No new principles of law are here involved. “Undue influence is a species of fraud. He who alleges it must prove it by clear and satisfactory evidence.” Redford v. Booker, 166 Va. 561, 574, 185 S. E. 879, 885. It can not “be based upon bare suggestion, innuendo, or suspicion.” Core v. Core’s Adm’rs, 139 Va. 1, 14, 124 S. E. 453, 457.

Before undue influence can be made the ground for setting aside a will it must be sufficient to destroy free agency on the part of the person executing the instrument. It must be of such a character as to control the mind and direct the action of the testator. It must amount to coercion or duress. Redford v. Booker, supra; Tabb v. Willis, 155 Va. 836, 858, 156 S. E. 556; Jenkins v. Trice, 152 Va. 411, 429, 147 S. E. 251; Jenkins v. Rhodes, 106 Va. 564, 569, 56 S. E. 332.

Conceding the truth of all the testimony offered by the contestants, we think it falls far short of showing that either of the beneficiaries, the wife or the testator’s son, Herman, fraudulently controlled or improperly influenced the testator in the disposition of his estate under this will.

The record here discloses the proof of not a single fact directly connecting either of the beneficiaries with the making or execution of the will. There is no evidence that [240]*240they undertook by entreaty, solicitation, importunity, or suggestion to persuade the testator to dispose of his property in their favor.

While proof of undue influence may rest entirely on circumstantial evidence (Price’s Ex’r v. Barham, 147 Va. 478, 482, 137 S. E. 511), it should not be lightly inferred from circumstances which are capable of innocent construction (Dearing v. Dearing, 132 Va. 178, 189, 111 S. E. 286).

The contestants rely upon the following circumstances as proof of the wife’s undue influence:

First, it is said that at the end of sixty days after the testator, a widower sixty years of age, had brought into his home, as a housekeeper, Mrs. Fannie Dora Oakes, a widow forty-one years of age, “she married him.” There is nothing in the record to support the insinuation that the wife took the lead in the preliminaries which culminated in the marriage.
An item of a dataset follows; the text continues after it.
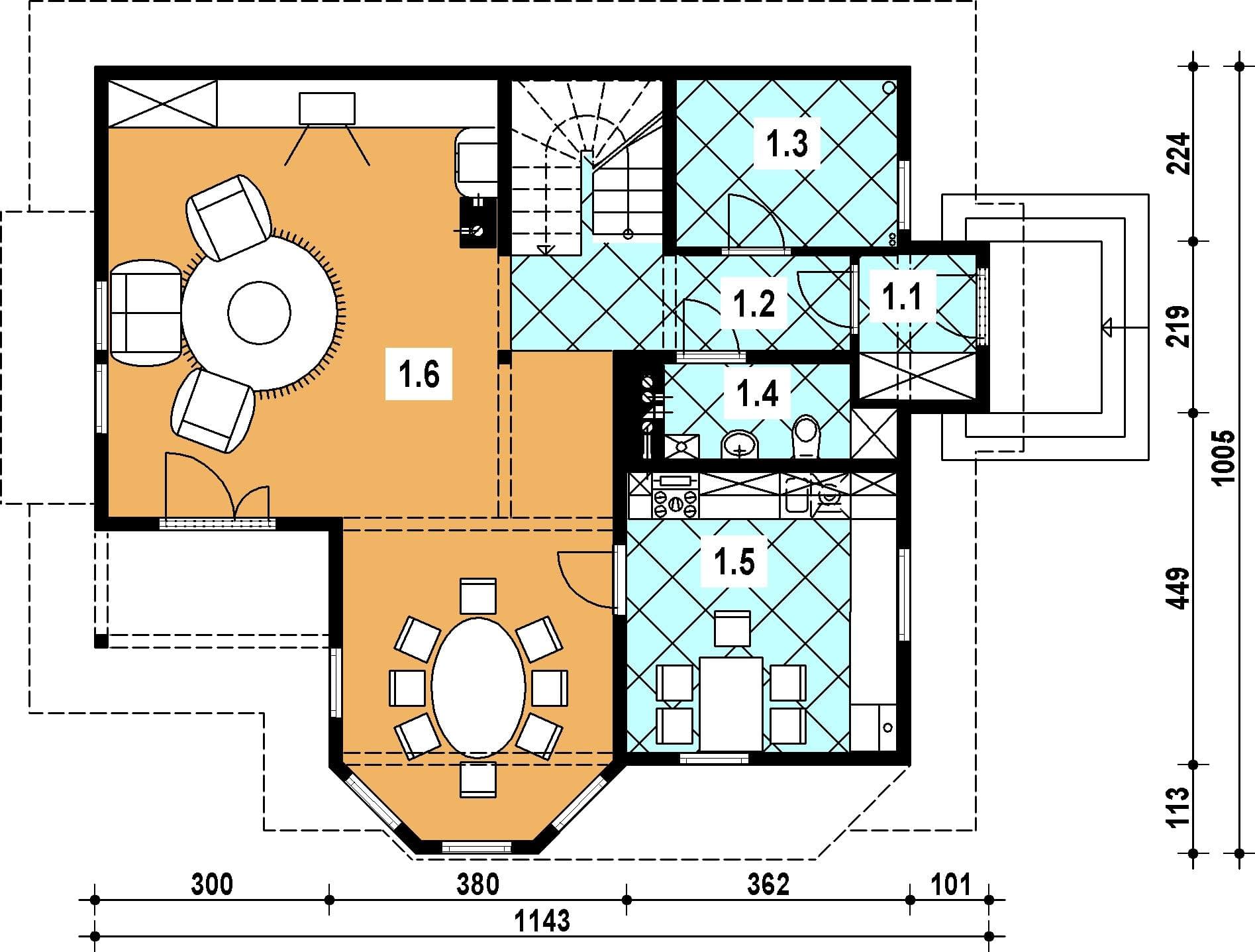 Budynek jednorodzinny, parterowy, z poddaszem mieszkalnym, niepodpiwniczony, 4 pokoje, kuchnia, jadalniaRzuty

Nor do we find in the record any basis for the statement in contestants’ brief that Mrs. Coleman “fastened” upon her son-in-law, Herman H. Coleman, “a matrimonial halter the exact duplicate of that worn by his father.”

Next, it is said that shortly after the marriage the wife persuaded her husband to exchange his home and farm for a smaller place on the highway, which he renovated and refitted with new furniture, and that he purchased an automobile, the first he had ever owned. If proof that a recently acquired wife had persuaded her husband to purchase and furnish a new home were of evidential value to show that ten years later she unduly influenced him in the testamentary disposition of his estate, then few husbands indeed could be said to be free from undue influence. The same is true of the purchase of an automobile.